3. Patients and Methods
3.1. Selection of Patients
This cross-sectional investigation was performed in Fundeni Clinical Institute, Bucharest, Romania during January 2005 and August 2010. HBsAg positive patients with chronic HBV infection admitted to Fundeni Clinical Institute were randomly enrolled in the study. We assessed 484 positive patients. Randomly, we obtained the following patient diagnosis status: 375 HBV chronic carriers, 94 HCC and 15 HBV chronic carriers coinfected with HDV. All HBV chronic carriers and all HBV chronic carriers coinfected with HDV were detected by serum analysis. Nonetheless, regarding HCC patients, the first 73 were described by tissue HBV sequencing and the last 21 by serum analysis. Diagnosis of HCC was confirmed by biopsy of the mass lesion in the liver, and by typical computed tomography or magnetic resonance imaging findings for HCC. Informed consent was obtained from all patients. Patient privacy was respected over the testing and analyzing data. The Ethics Committee of the Fundeni Clinical Institute, Bucharest, Romania approved the study (2010.08.30). All data remained confidential.
3.2. Laboratory Tests
3.2.1. Serological Markers
For indirect diagnosis, sera obtained for all patients were tested for HBsAg and HbeAg and anti-HBs, anti-HBe and total anti-HBc antibodies using automated Architect i2000SR (Abbott) by chemiluminescence. For anti-HDV antibodies, we used a competitive ELISA method (Medical Biological Service, Italy).

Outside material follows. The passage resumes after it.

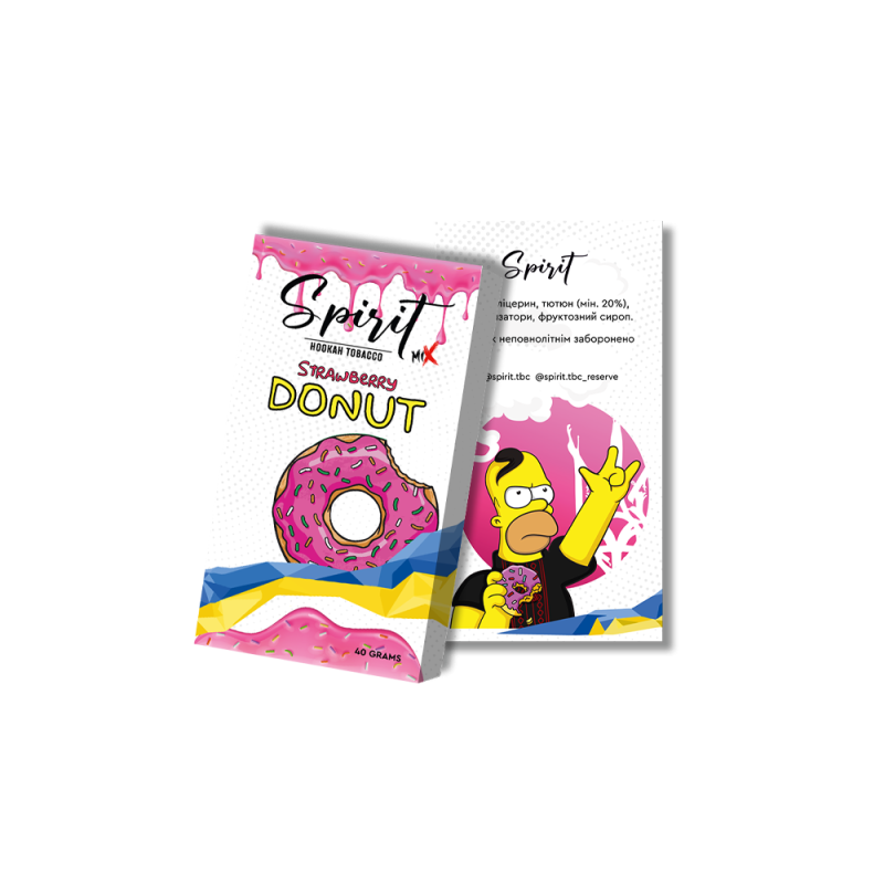 Найпопулярнішим серед поціновувачів димного відпочинку є Тютюн Spirit Mix Пончик Полуниця (Пончик Полуниця, 40 г) від Spirit. Основа кальянної заправки — це тютюновий лист Virginia, Burley високої якості, а також натуральні ароматизатори, патока та чистий гліцерин. Завдяки цьому тютюн має насичений смак Полуниця, Пиріг/Кондитерка, приємний аромат і здатний утворювати густий дим.

3.2.2. HBV DNA Quantification
HBV-DNA was quantified by a real-time polymerase chain reaction assay in the linear range from 102 to 1011 copies/mL using COBAS TaqMan HBV test (Roche).
3.2.3. HBV Sequencing
Detection of BCP mutations, PC mutations and HBV genotypes was performed using Revers Hybridization Line Probe Assays-INNO-LiPA HBV DR v2 and INNO-LiPA HBV precore-core (Innogenetics, Ghent. Belgium). For all patients, we performed HBV sequencing: for 73 HCC patients tissue HBV sequencing, 21 HCC patients serum HBV-sequencing and for chronic patients serum sequencing. In chronic patients, viral DNA was obtained from sera. For 73 HBV associated HCC patients, tumor tissue samples were obtained and analyzed.
3.3. Statistical Analysis Tools
Pearson χ2 test was used to verify the independence of two discrete variables in contingency tables. To compare the distribution of serum DNA HBV for considered factors (diagnosis, HBV genotype and mutation) we used a univariate General Linear Model and One-way ANOVA test with Tamhane test. In testing and graph representation, we used natural logarithm of serum DNA-HBV instead of genuine variable.
4. Results
We detected two genotypes of A and D in our study population, as follows: A (i.e. patient has only genotype A), D (i.e. patient has only genotype D), A+D (i.e. patient has both genotypes A and D, higher concentration of genotype D). The decreasing order of HBV genotypes prevalence was D, A+D, A. In our sample, the prevalence rates were 60.5%, 31.4% and 8.1% for D, A+D and A, respectively. The differences were significant (P < 0.001 for χ2 Pearson Test; see last column of Table 1).
HBV genotype and diagnosis were dependent variables (P < 0.001 for Pearson χ2 test). The minimum value of the prevalence of genotype D reached 54.4% for chronic carriers, which was significantly smaller than other diagnoses (P < 0.050 for χ2 Pearson Test). Conversely, for chronic carriers the genotype combination A+D had the highest prevalence (37.6%, compared to about 10%, for other diagnoses). While, the prevalence of genotype A was not significantly dependent on diagnosis (Table 1). In 152 patients we detected both genotypes A and D, with a higher prevalence in chronic carriers (141 patients, 37.6%), followed by HCC-tissue sample HBV sequencing group (7 patients, 9.6%), HCC-serum HBV sequencing group (3 patients, 14.6%) and chronic carriers with HDV coinfection (one patient, 6.7%). HBV genotype and diagnosis were dependent (P < 0.001 for Pearson χ2 test). Definitely, distribution of HBV genotype for chronic carriers was significantly different from the distribution of HCC-tissue HBV sequencing (P < 0.001 for Pearson χ2 test) and chronic carriers + HDV (P = 0.012 for Pearson χ2 test). To be more specific, the prevalence of A+D was 37.6% for chronic carriers, but significantly smaller for HCC-tissue HBV sequencing (9.6%) and chronic carriers + HDV (6.7%). Conversely, D prevalence was higher for HCC-tissue HBV sequencing (82.2%) and chronic carriers + HDV (93.3%), compared to chronic carriers (54.4%) (see Table 1).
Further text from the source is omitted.